* **Work required**: Using the material below, print a verbatim copy of every line from the one containing "Представленная работа —" through the one containing "WATCH: A raccoon", inclusive, and omit the pictures.

* **Recorded information**:
——

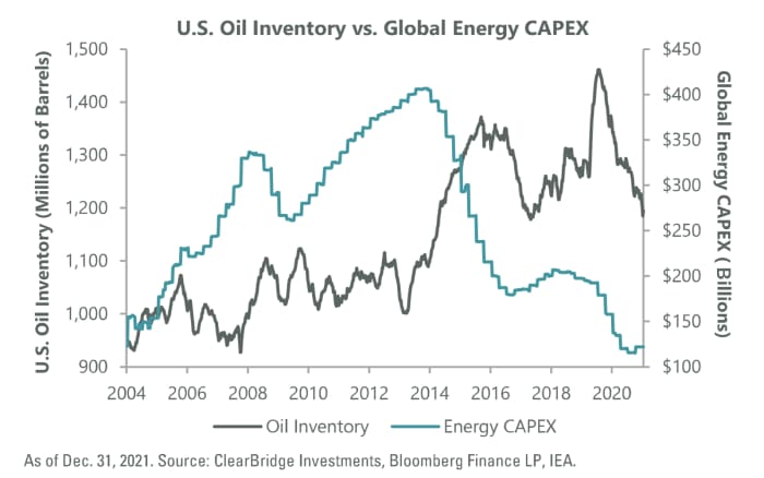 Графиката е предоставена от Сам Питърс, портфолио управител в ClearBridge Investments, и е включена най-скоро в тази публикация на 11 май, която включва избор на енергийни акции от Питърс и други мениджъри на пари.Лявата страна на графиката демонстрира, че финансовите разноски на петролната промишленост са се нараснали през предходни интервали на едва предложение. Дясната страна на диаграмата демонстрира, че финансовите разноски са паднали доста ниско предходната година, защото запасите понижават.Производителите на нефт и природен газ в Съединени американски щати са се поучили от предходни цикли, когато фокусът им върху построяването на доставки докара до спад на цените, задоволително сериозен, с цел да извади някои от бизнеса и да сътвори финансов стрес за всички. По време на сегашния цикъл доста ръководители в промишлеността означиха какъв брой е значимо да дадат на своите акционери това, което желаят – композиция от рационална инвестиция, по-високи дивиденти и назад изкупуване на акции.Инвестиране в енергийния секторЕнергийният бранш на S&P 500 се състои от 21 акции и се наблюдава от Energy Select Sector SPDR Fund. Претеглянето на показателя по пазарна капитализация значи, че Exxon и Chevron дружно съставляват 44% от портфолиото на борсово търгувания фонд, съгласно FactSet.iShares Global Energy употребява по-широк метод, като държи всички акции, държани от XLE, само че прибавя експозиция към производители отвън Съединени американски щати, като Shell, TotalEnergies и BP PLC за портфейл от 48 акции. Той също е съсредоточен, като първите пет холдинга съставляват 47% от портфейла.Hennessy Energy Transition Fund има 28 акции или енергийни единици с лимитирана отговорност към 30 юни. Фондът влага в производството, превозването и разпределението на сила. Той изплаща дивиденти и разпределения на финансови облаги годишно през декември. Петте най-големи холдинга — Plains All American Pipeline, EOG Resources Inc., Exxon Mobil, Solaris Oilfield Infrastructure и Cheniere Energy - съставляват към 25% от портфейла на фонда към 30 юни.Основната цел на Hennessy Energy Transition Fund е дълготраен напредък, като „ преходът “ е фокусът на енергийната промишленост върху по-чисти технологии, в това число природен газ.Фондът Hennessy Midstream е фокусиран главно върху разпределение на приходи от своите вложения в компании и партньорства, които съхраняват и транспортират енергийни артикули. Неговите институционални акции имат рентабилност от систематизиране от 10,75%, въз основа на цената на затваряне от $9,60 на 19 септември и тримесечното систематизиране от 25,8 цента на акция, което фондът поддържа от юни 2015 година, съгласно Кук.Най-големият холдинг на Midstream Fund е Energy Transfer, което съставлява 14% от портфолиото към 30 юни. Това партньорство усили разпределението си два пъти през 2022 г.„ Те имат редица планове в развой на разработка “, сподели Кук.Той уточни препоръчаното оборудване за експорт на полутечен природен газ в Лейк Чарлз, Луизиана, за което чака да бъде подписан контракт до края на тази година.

——

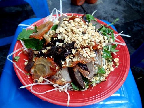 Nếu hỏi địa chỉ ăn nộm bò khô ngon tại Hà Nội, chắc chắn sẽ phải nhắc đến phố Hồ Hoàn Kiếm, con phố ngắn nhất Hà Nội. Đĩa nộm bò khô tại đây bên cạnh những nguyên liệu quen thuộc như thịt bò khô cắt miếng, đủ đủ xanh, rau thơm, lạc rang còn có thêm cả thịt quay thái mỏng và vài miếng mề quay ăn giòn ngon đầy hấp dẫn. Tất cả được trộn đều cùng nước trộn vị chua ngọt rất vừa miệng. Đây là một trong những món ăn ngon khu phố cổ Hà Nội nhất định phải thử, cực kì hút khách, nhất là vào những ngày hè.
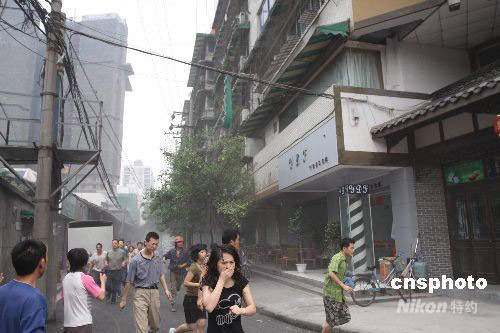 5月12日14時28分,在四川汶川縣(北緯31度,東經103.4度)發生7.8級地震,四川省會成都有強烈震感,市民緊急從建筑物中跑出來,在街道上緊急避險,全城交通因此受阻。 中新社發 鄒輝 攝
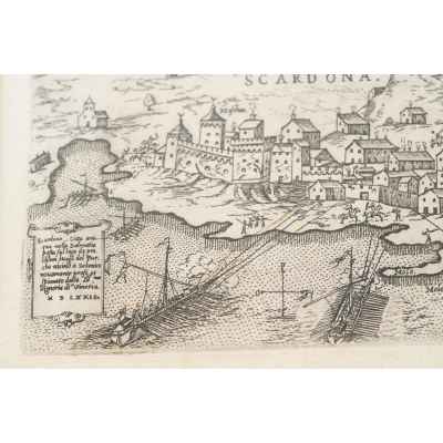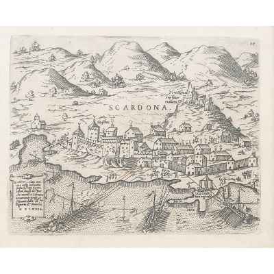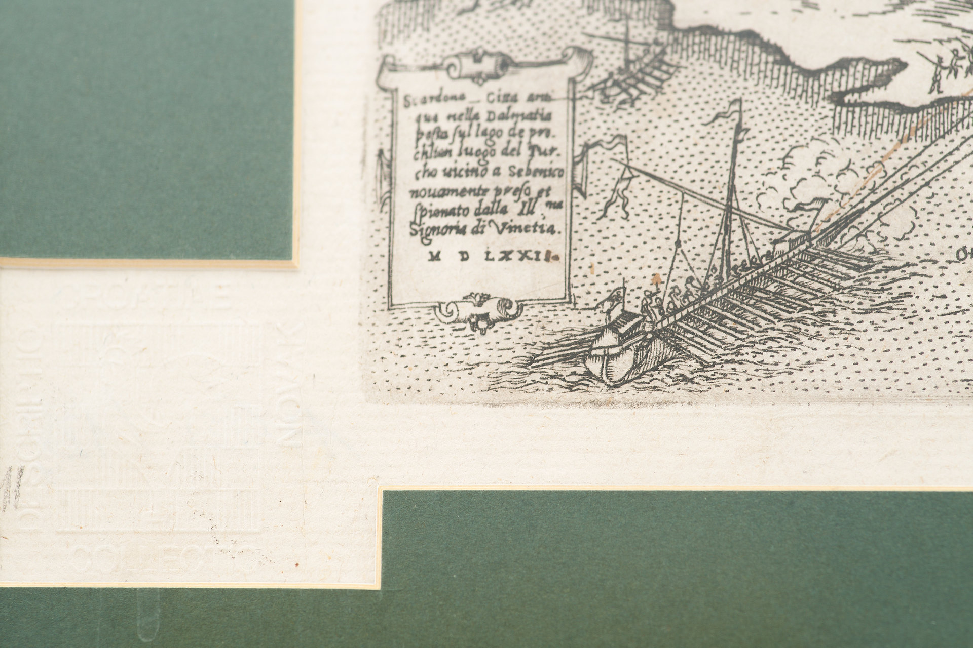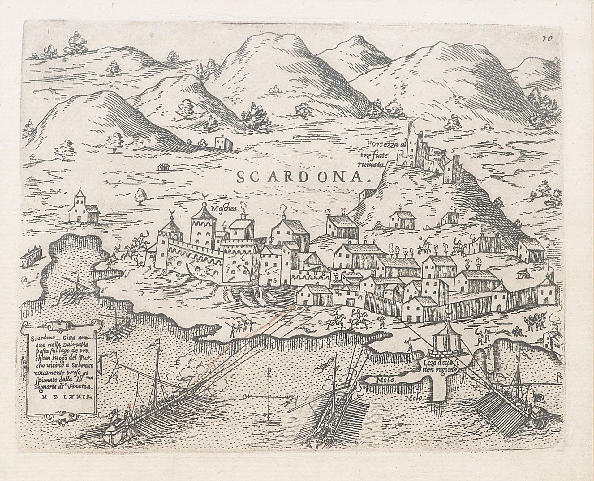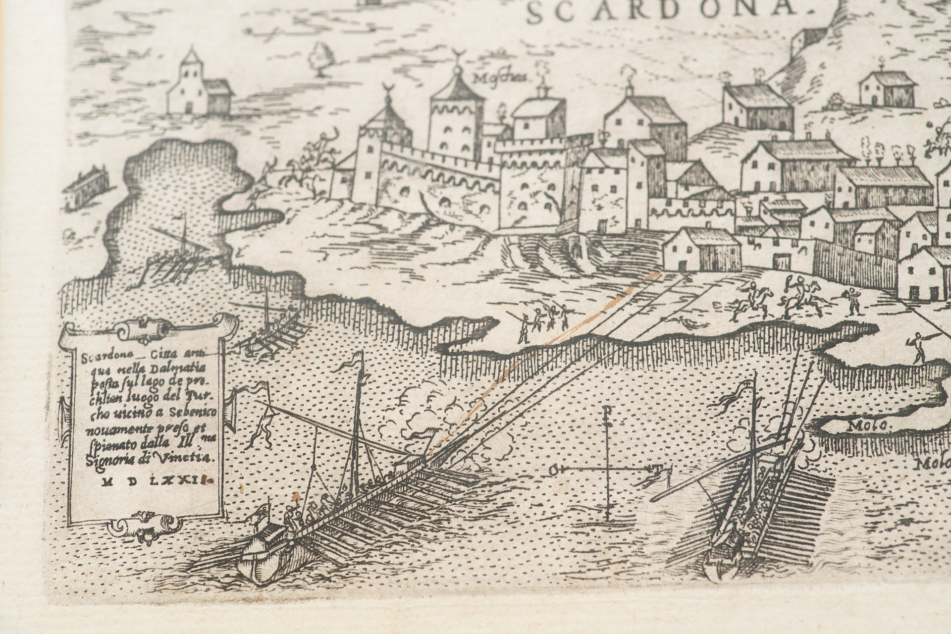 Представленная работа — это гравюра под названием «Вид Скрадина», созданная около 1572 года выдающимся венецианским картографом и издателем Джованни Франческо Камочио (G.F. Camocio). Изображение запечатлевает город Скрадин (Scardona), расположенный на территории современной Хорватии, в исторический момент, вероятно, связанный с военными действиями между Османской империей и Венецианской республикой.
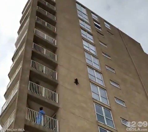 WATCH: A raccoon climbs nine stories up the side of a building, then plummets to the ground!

——

* **Response to the exercise**:
 Представленная работа — это гравюра под названием «Вид Скрадина», созданная около 1572 года выдающимся венецианским картографом и издателем Джованни Франческо Камочио (G.F. Camocio). Изображение запечатлевает город Скрадин (Scardona), расположенный на территории современной Хорватии, в исторический момент, вероятно, связанный с военными действиями между Османской империей и Венецианской республикой.
 WATCH: A raccoon climbs nine stories up the side of a building, then plummets to the ground!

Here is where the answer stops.